To implement bfloat16 and its test suites, we need to introduce the original floating point results calculated with float32. In our assembly code, we extend the functions and make them reconfigurable. That is, we can pass specific parameters to change their behaviors and produces float32 or bfloat16 operations.

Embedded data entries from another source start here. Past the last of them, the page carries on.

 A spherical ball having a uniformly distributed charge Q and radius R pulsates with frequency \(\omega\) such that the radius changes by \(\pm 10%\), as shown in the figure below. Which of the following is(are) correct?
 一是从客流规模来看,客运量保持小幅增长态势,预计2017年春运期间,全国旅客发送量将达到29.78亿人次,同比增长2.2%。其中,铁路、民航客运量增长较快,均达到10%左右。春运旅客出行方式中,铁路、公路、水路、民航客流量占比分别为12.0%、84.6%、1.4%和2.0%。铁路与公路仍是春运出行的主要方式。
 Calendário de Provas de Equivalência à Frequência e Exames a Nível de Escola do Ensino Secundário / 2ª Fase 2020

For example, when we pass a mantissa mask such as ```0x7F``` which indicates the operation is related to bfloat16. On the other hand, mantissa mask ```0x7FFFFF``` used in procedure represents float32 is under going.

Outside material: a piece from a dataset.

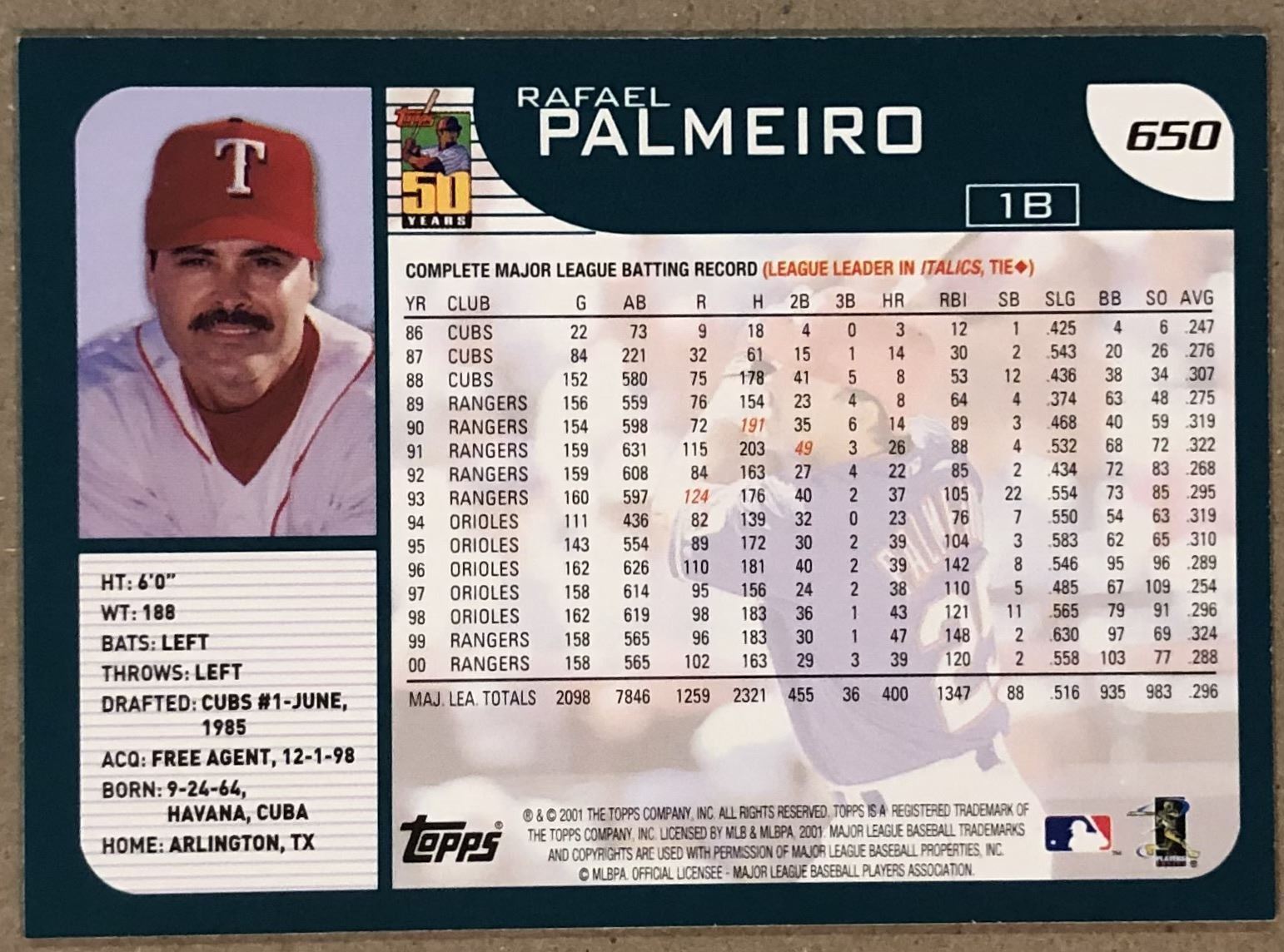 Lot 158 2001 TOPPS RAFAEL PALMEIRO

First, conversion assembly code is listed as follows.
```clike
# === float32_to_bfloat16 ===
f32_to_bf16:
add x28, x0, a0 # move argument f32 to x28
srli x29, a0, 16 # make shared x29 for (f32>>16)
srli x28, a0, 23 # make exponent field at LSB
andi x28, x28, 0xFF # make value uneffected by sign bit
addi x28, x28, -0xFF # result==0 equivant to exponent==0xFF
bne x28, zero, exp_non_ff
slli x28, x29, 16 # eliminate upper 16-bits
srli a0, x28, 16 # a0 = (bits>>16) & 0xFFFF
ret
exp_non_ff:
andi x28, x29, 1 # (f32>>16)&1
srli x29, t1, 17 # make constant 0x7FFF
add x28, x28, x29
add a0, x28, a0
srli a0, a0, 16 # f32 >> 16
ret
# === bfloat16_to_float32 ===
bf16_to_f32:
slli a0, a0, 16
ret
```
Here, I naively complete the conversion through masking and branching.

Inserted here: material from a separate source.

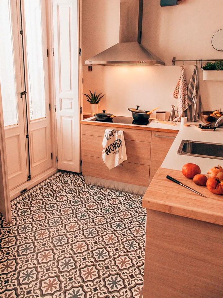 Igual no os lo creéis pero esto es una alfombra que ocupa toda la cocina. No se mueve, se puede fregar, es antibacteriana,… en fin que queda perfecta y sólo hay que comprar y colocar.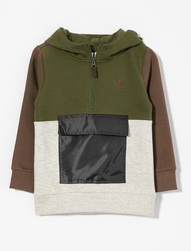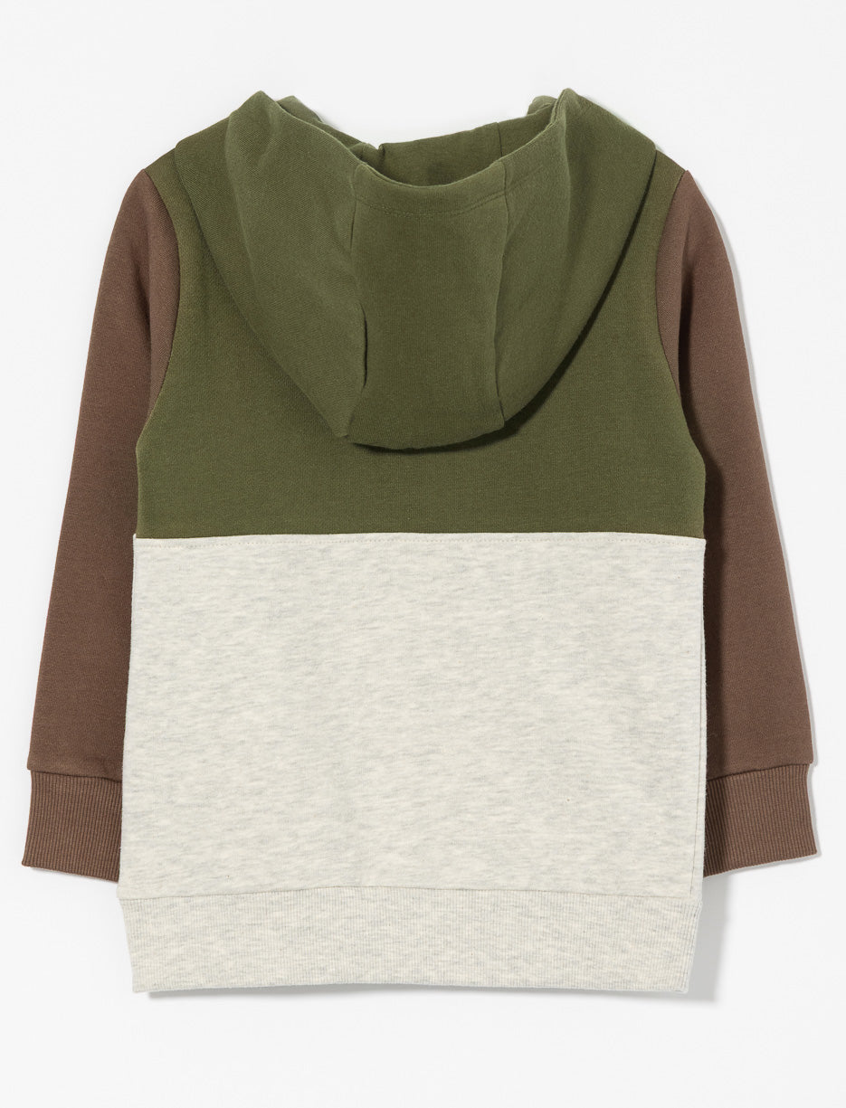 Chandail ouaté à capuchon pour petit garçon, avec poche à rabat et blocs contrastants. Broderie à la poitrine, fermeture zippée au cou et finitions côtelées aux extrémités.

Then, the emphasized part of my work is
- my_add
- my_sub
- my_mul
- my_div
- my_sqrt
-
As mentioned above, the evaluations of these function are involved with float32 (f32) calculations. With the results calculated by f32_my_add, f32_my_sub, f32_my_mul, ..., etc, we can use f32_my_sub to produce the distance or the difference between bf16_my_add, bf16_my_sub, bf16_my_mul, ..., etc.
The original code are written as [1705cf7](https://github.com/sysprog21/ca2025-quizzes/commit/1705cf7d560d661435182eb0d8d9a308a7bdbd83), [576d4f6](https://github.com/sysprog21/ca2025-quizzes/commit/576d4f6afdb11196a9bd689dee2e3d5fdbd898c7), [943324e](https://github.com/sysprog21/ca2025-quizzes/commit/943324edfcb64971d825225294492c396ed67e6e), [aa54328](https://github.com/sysprog21/ca2025-quizzes/commit/aa543288920e011183079f98f1959852a767ad93), [5b1c8b9](https://github.com/sysprog21/ca2025-quizzes/commit/5b1c8b93224421daa7cfe9ea41de4cd37a38a536).
After the modification, the functions supports f32 according to [13bd5df](https://github.com/sysprog21/ca2025-quizzes/commit/13bd5df502cbcd6600e2e2b274e7e2daddb95bfa) and [d92c0af](https://github.com/sysprog21/ca2025-quizzes/commit/d92c0af4ef9aa246013c927d840f65efca8fb206).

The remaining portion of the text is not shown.